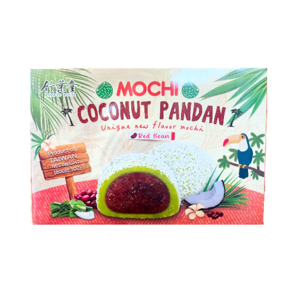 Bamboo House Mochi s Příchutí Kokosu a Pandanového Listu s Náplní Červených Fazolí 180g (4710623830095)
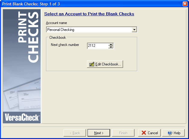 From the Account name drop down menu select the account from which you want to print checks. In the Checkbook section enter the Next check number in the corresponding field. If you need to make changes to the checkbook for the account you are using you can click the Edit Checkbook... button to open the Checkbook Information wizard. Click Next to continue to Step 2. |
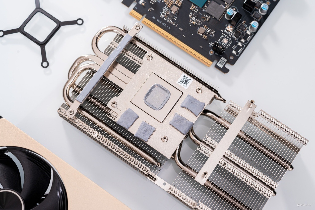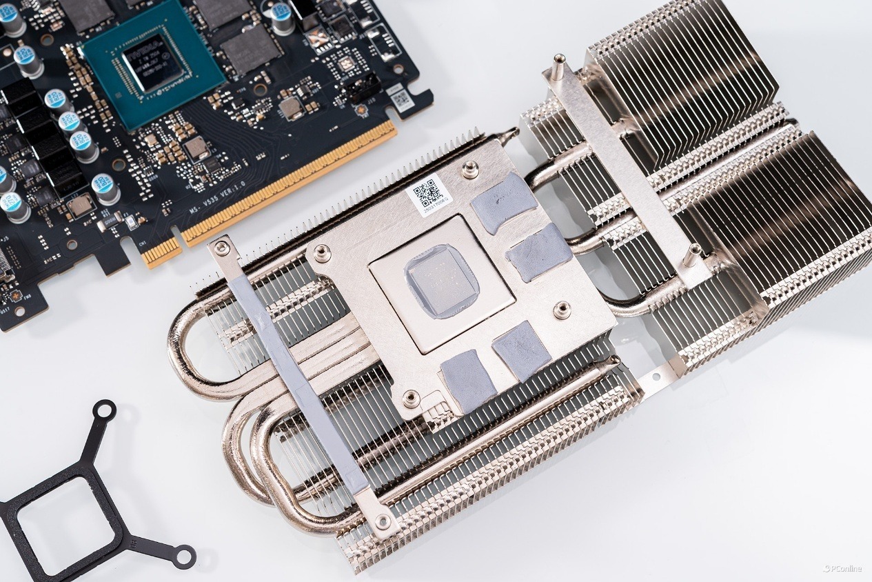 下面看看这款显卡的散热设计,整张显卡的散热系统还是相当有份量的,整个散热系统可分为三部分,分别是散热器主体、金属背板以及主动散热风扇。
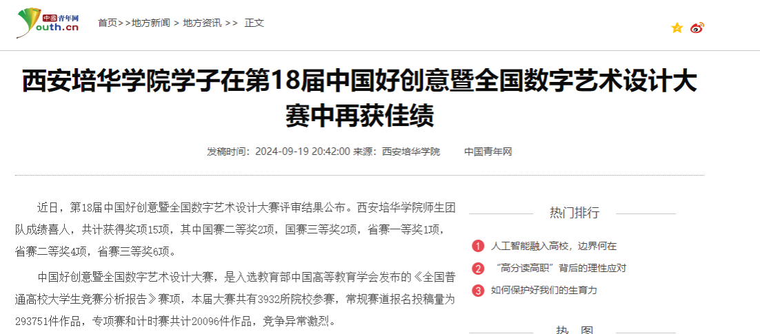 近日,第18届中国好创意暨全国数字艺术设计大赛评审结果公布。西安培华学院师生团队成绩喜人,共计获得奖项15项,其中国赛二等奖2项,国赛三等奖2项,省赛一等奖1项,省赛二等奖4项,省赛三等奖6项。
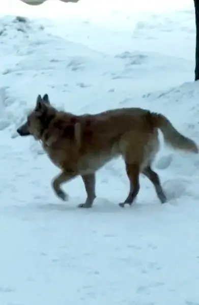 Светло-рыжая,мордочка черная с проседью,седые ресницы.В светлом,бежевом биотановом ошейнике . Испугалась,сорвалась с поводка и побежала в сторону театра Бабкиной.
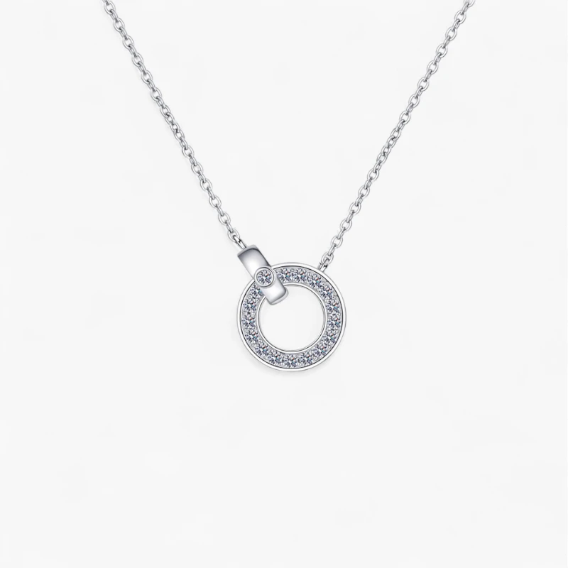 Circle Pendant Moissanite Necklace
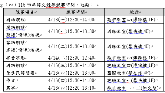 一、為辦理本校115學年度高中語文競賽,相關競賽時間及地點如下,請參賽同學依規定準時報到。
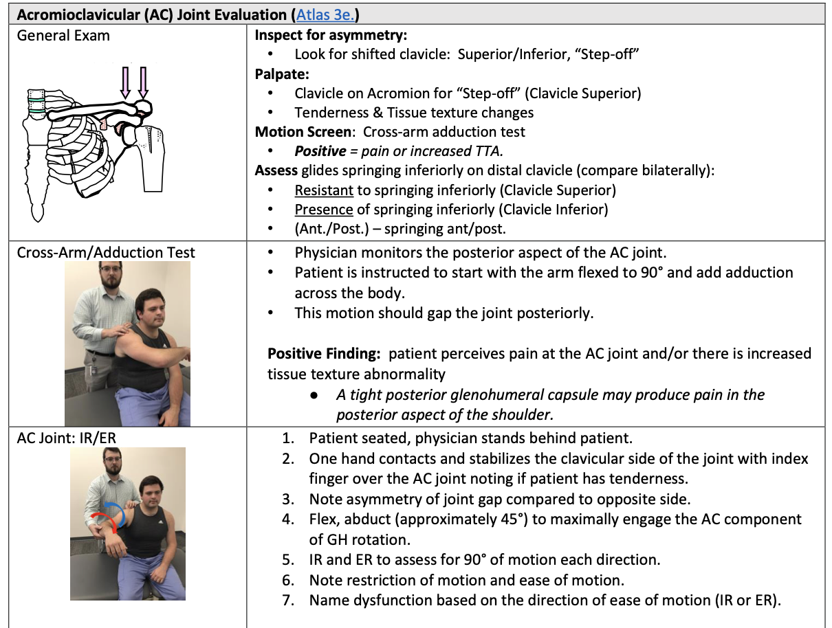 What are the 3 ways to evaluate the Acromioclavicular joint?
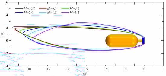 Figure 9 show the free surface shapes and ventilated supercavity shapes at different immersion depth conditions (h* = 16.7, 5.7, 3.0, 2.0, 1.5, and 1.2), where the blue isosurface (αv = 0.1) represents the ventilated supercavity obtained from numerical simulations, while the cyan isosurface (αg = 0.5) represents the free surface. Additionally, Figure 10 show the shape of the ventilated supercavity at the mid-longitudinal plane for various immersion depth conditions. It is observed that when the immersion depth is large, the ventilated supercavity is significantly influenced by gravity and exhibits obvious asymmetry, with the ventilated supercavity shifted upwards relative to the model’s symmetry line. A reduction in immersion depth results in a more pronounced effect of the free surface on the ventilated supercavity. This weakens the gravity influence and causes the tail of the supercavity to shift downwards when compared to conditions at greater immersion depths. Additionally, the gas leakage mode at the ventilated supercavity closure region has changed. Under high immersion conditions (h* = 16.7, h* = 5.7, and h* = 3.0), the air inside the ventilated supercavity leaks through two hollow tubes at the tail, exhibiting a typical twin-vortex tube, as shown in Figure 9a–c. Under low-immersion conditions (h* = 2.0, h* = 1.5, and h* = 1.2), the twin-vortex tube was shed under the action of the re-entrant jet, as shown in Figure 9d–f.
# # #
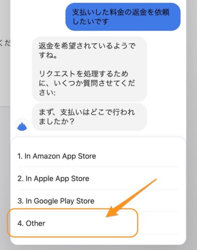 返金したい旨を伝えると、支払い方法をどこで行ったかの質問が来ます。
# # #
> _Work to be completed_: Set the pictures aside and reproduce exactly the lines above, from the line holding "Bamboo House Mochi" through the line holding "What are the", both included, with nothing else.

> _Exercise result_:
 Bamboo House Mochi s Příchutí Kokosu a Pandanového Listu s Náplní Červených Fazolí 180g (4710623830095)
 From the Account name drop down menu select the account from which you want to print checks. In the Checkbook section enter the Next check number in the corresponding field. If you need to make changes to the checkbook for the account you are using you can click the Edit Checkbook... button to open the Checkbook Information wizard. Click Next to continue to Step 2. |
 下面看看这款显卡的散热设计,整张显卡的散热系统还是相当有份量的,整个散热系统可分为三部分,分别是散热器主体、金属背板以及主动散热风扇。
 近日,第18届中国好创意暨全国数字艺术设计大赛评审结果公布。西安培华学院师生团队成绩喜人,共计获得奖项15项,其中国赛二等奖2项,国赛三等奖2项,省赛一等奖1项,省赛二等奖4项,省赛三等奖6项。
 Светло-рыжая,мордочка черная с проседью,седые ресницы.В светлом,бежевом биотановом ошейнике . Испугалась,сорвалась с поводка и побежала в сторону театра Бабкиной.
 Circle Pendant Moissanite Necklace
 一、為辦理本校115學年度高中語文競賽,相關競賽時間及地點如下,請參賽同學依規定準時報到。
 What are the 3 ways to evaluate the Acromioclavicular joint?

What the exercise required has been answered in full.